The optimized assay using primers MG16-45F and MG16-447R was performed as described above except that the MgCl2 concentration was 2.0 mM and that 40 two-step cycles were performed, each consisting of 94°C for 30 s and 60° for 60 s. The optimized MG16-1204F-MG16-1301R assay used 2.5 mM MgCl2, and 50 cycles of 94°C for 30 s and 58°C for 60 s were performed. The MgPa-476-MgPa-903 assay previously described (13) was slightly modified, as 1 U of Super Taq polymerase (HT Technology) was used and 40 cycles of 94°C for 30 s, 55°C for 30 s, and 72°C for 60 s were performed.
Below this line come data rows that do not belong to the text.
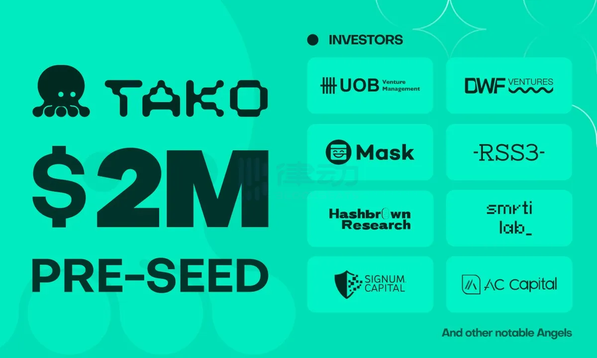 9 月 1 日,Web3 社交协议 Tako Protocol 完成 200 万美元 Pre-Seed 轮融资,本轮融资由 UOB Venture、DWF Labs 旗下 DWF Ventures、Mask Network、Signum Capital、AC Capital、SmrtiLab、HashBrown Research、RSS3 和一些天使投资者参投。
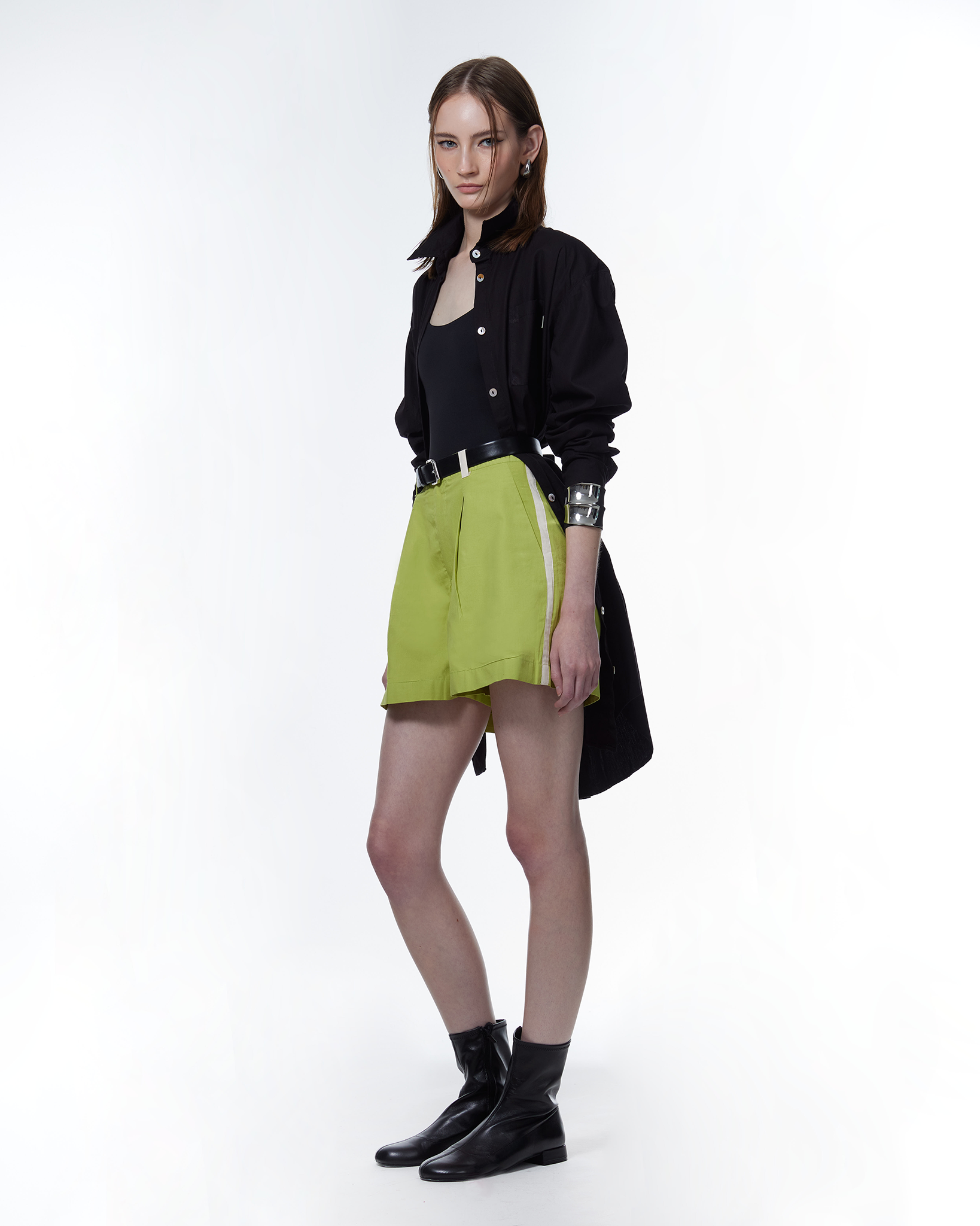 When looking for something that is tailored yet casual, nothing beats the Natalie shorts. A classic silhouette gets a touch of cool-factor through contrast side stripes, upcycled with fabric offcuts from our first collection. Made from our signature lightweight TENCEL™ poplin, we add a thin 100% TENCEL™ voile lining as well to guarantee comfort and structure. Natalie is fitted at the waist and roomy everywhere else, thanks to the single-pleated design, and functionality all around with front and back pockets.
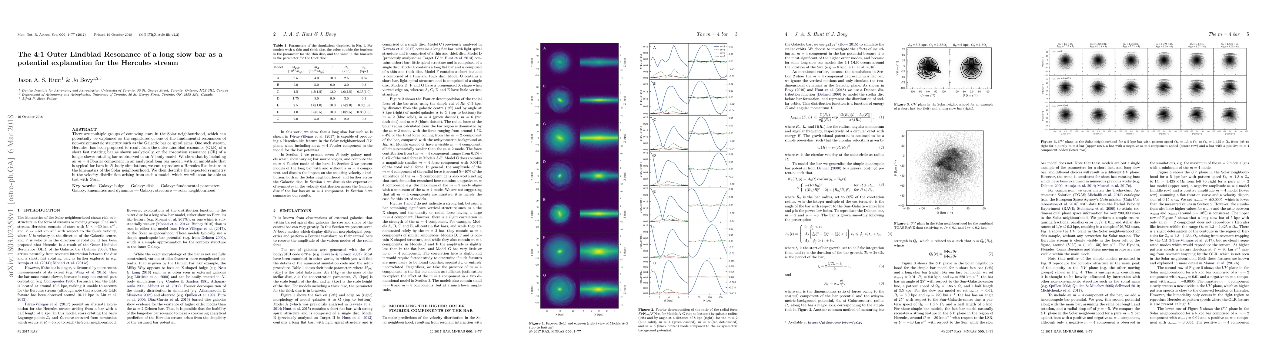 There are multiple groups of comoving stars in the Solar neighbourhood, which can potentially be explained as the signatures of one of the fundamental resonances of non-axisymmetric structure such as the Galactic bar or spiral arms. One such stream, Hercules, has been proposed to result from the outer Lindblad resonance (OLR) of a short fast rotating bar as shown analytically, or the corotation resonance (CR) of a longer slower rotating bar as observed in an N-body model. We show that by including an m = 4 Fourier component in an analytical long bar model, with an amplitude that is typical for bars in N-body simulations, we can reproduce a Hercules like feature in the kinematics of the Solar neighbourhood. We then describe the expected symmetry in the velocity distribution arising from such a model, which we will soon be able to test with Gaia.
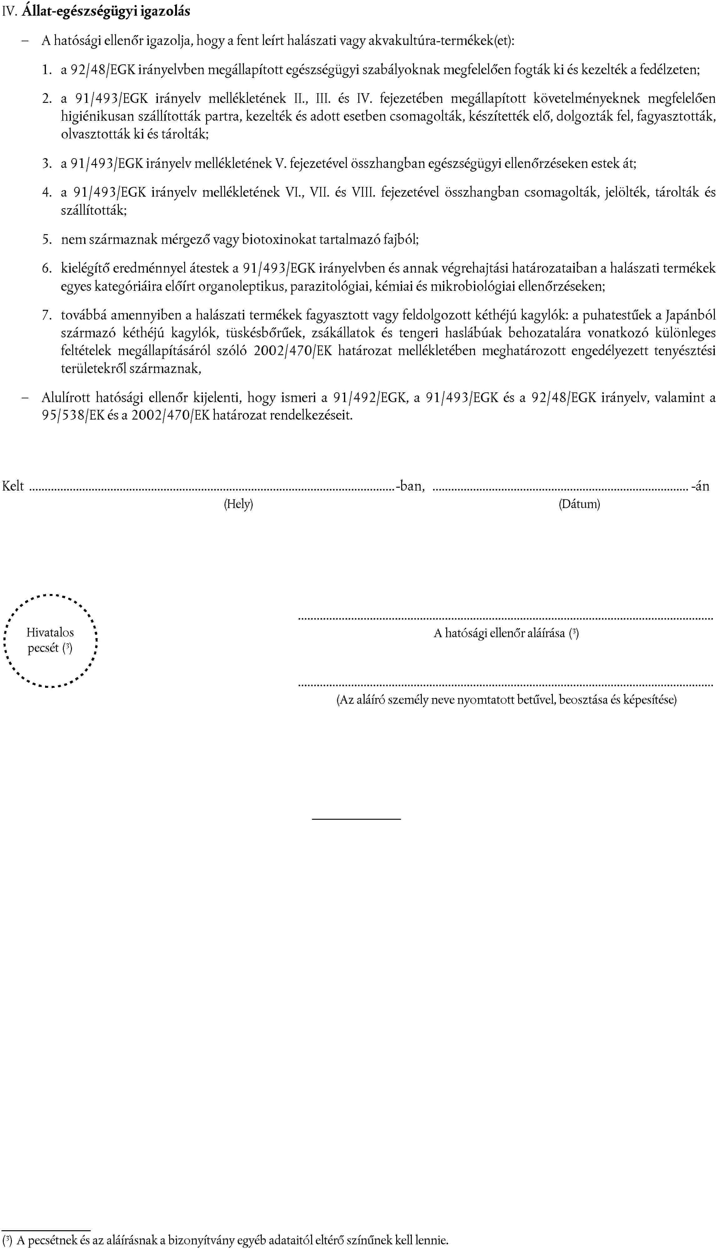 mivel a 91/493/EGK irányelv 11. cikke (4) bekezdésének a) pontjában említett egészségügyi bizonyítvány megszerzésére vonatkozó eljárásnak ki kell terjednie egy bizonyítványminta meghatározására, a kiállítás nyelvére (nyelveire) vonatkozó minimumkövetelményekre, valamint a bizonyítvány aláírására jogosult személy beosztására;
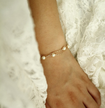 双层珍珠手链 手镯18K镀金女韩版复古时尚饰品多层韩国
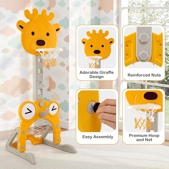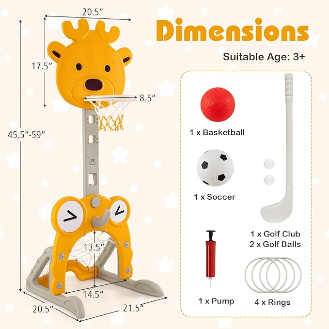Costzon Toddler Basketball Hoop, 4-in-1 Kids Sports Activity Center with Rim, Soccer Goal, Golf, Ring Toss, Height Adjustable Kids Basketball Hoop with Fillable Base for Indoor Outdoor (Yellow Deer)
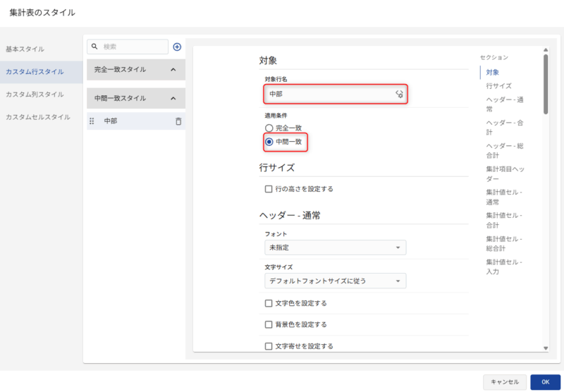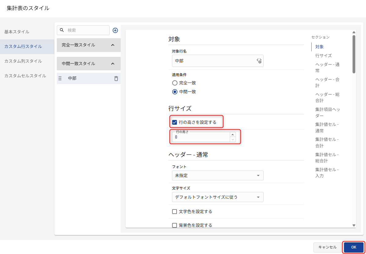 意図しない行や列が非表示にならないよう、[適用条件]や[スタイル適用優先順序]の設定には注意してください。
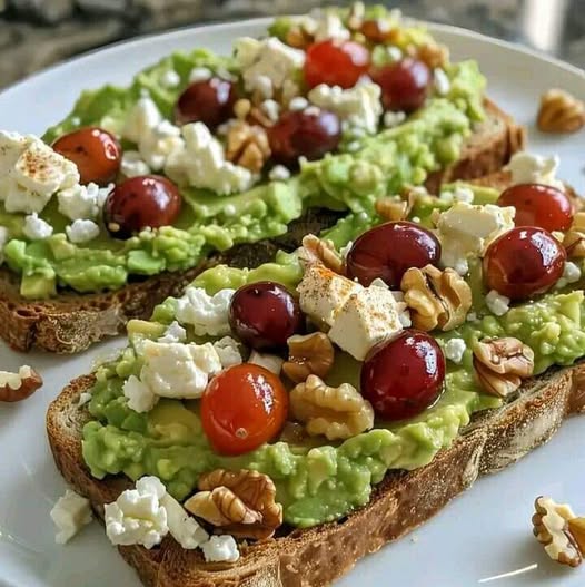 Avocado-Toast mit Feta, Kirschtomaten, Cranberries und Walnüssen: Ein gesunder Genuss
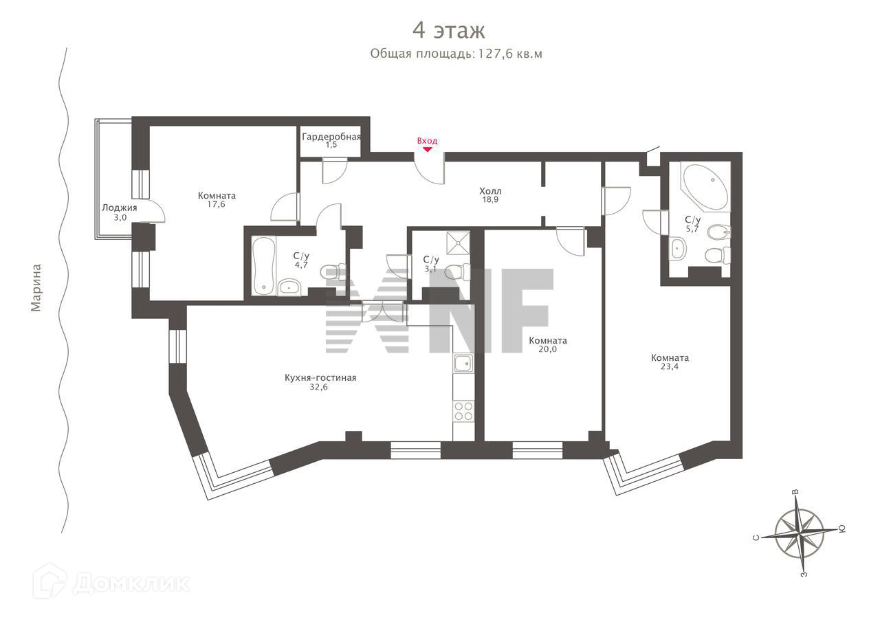 Общая площадь 127.6 м2
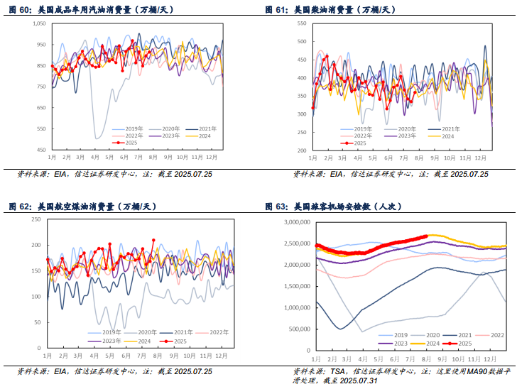 消费方面:截至2025年07月25日当周,美国成品车用汽油、柴油、航空煤油消费量分别为915.2、360.5、209.3万桶/天,较上周分别+18.5(+2.06%)、+26.2(+7.84%)、+41.1(+24.44%)万桶/天。
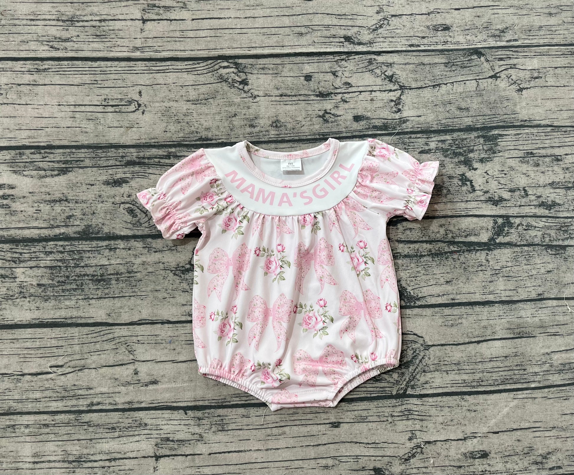 Baby Girl Infant Short Sleeves Pink Bows Flower Bubble Romper RTS
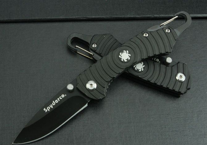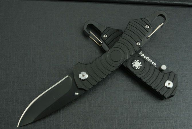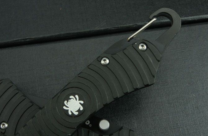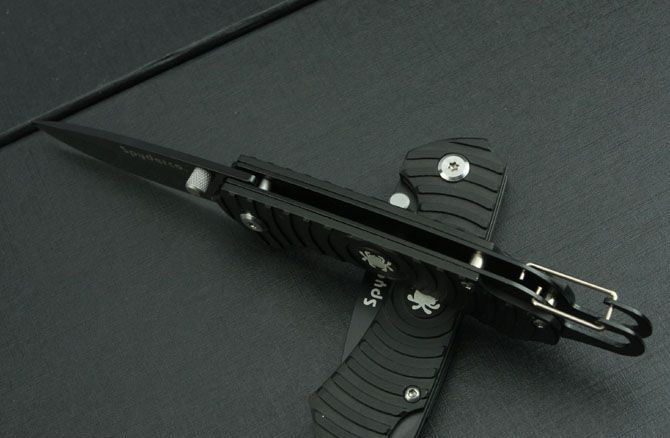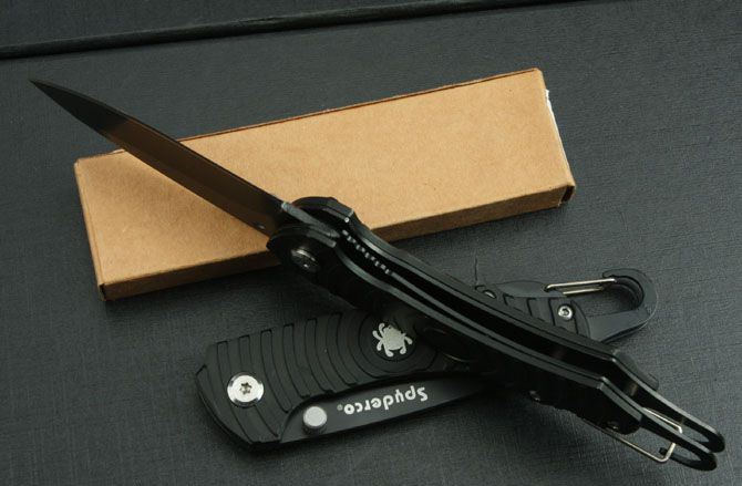 蜘蛛—165AM登山扣折刀 全 长:170mm 刃 长:63mm 柄 长:107mm 刃 宽:23mm 刃 厚:2.3mm 刃 材:5Cr13Mov 重 量:75g(含包装) 硬 度:57HRC 表 面:氧化黑 柄 材:铝扎成形 锁 型:线锁 其 他:精冲成形.高品质.配牛皮纸盒
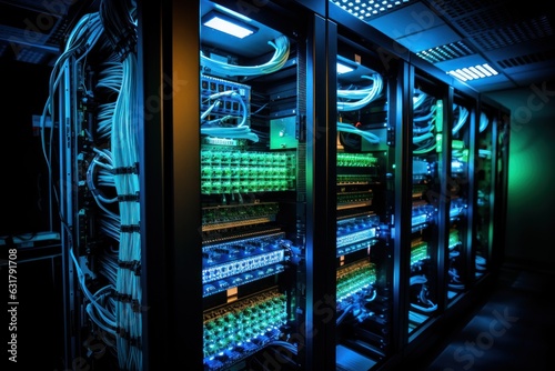 Network hardware. Server room Telecommunication technology. generative with Ai.
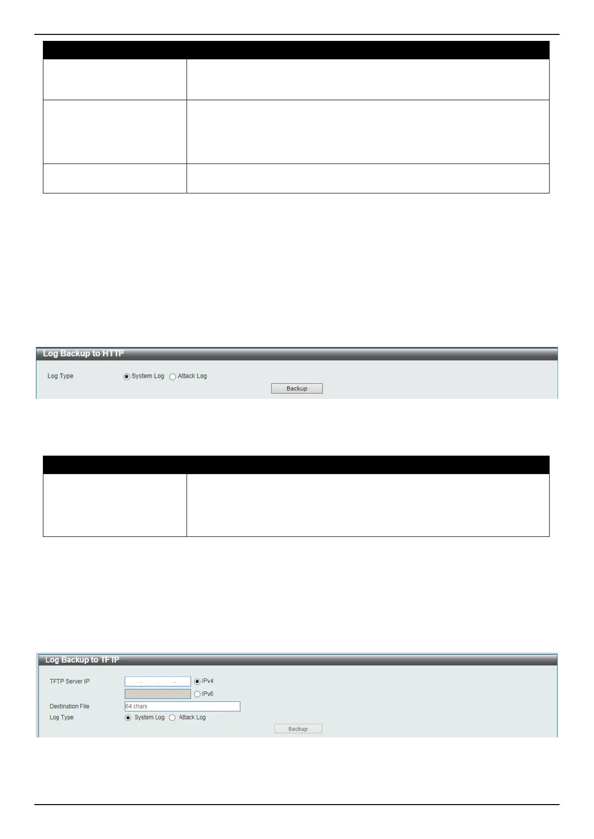 This window is used to initiate a system log backup to a local PC using HTTP.
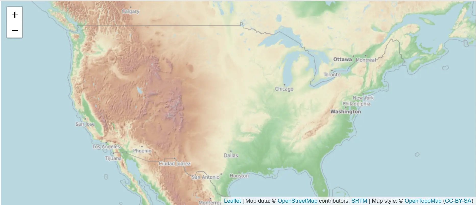 Here, the map is centered roughly in the central United States. When the app runs, a basic interactive map will appear in your browser. You can pan (drag) and zoom the map using your mouse.
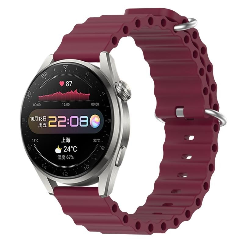 Για το Huawei Watch 3 Pro 22mm Ocean Style σιλικόνης στερεό χρώμα ρολόι μπάντα ρολογιού (κόκκινο κρασί)

The MgPa-1-MgPa-3 assay (12) was also slightly modified by running 40 cycles of 94°C for 30 s, 60°C for 30 s, and 72°C for 60 s with the reaction components described above except that the dUTP was replaced with dTTP at 125 μM and the MgCl2 concentration was 3.5 mM.

Construction of IPC for inhibition.

In order to detect the presence of Taq DNA polymerase inhibitors or suboptimal reaction conditions, an internal process control (IPC) was constructed. Primers amplifying parts of the phage lambda genome were selected based on the following criteria: (i) amplicon size at least 100 bp longer than the specific M. genitalium rRNA gene amplicon in order to allow preferential amplification of the rRNA gene amplicon, (ii) lack of secondary structure and primer-primer interaction as determined by the Gene Runner program (Hastings Software, Inc., Hastings, N.Y.), and (iii) a high Tm in order to render the IPC less efficient to amplify than the rRNA gene amplicon.

The primers included the sequence of each of the rRNA gene primers added to the 5′ end of the corresponding lambda primer (5′TACATGCAAGTCGATCGGAAGTAGCCTGACGGTTTCTAAC and 5′AAACTCCAGCCATTGCCTGCTAGGACATACGGAAATAG; sequence in boldface type corresponds to the phage lambda sequence at positions 13663 to 13677 and positions 14266 to 14280, respectively). PCR products thus containing the binding sites of the rRNA gene primers were obtained by amplification of 1 ng of purified lambda DNA with an annealing temperature of 40°C. After gel purification of the amplicon, a 10-fold titration was performed, and the dilution of the IPC producing no increase in the detection limit of purified M. genitalium DNA was used in the assay.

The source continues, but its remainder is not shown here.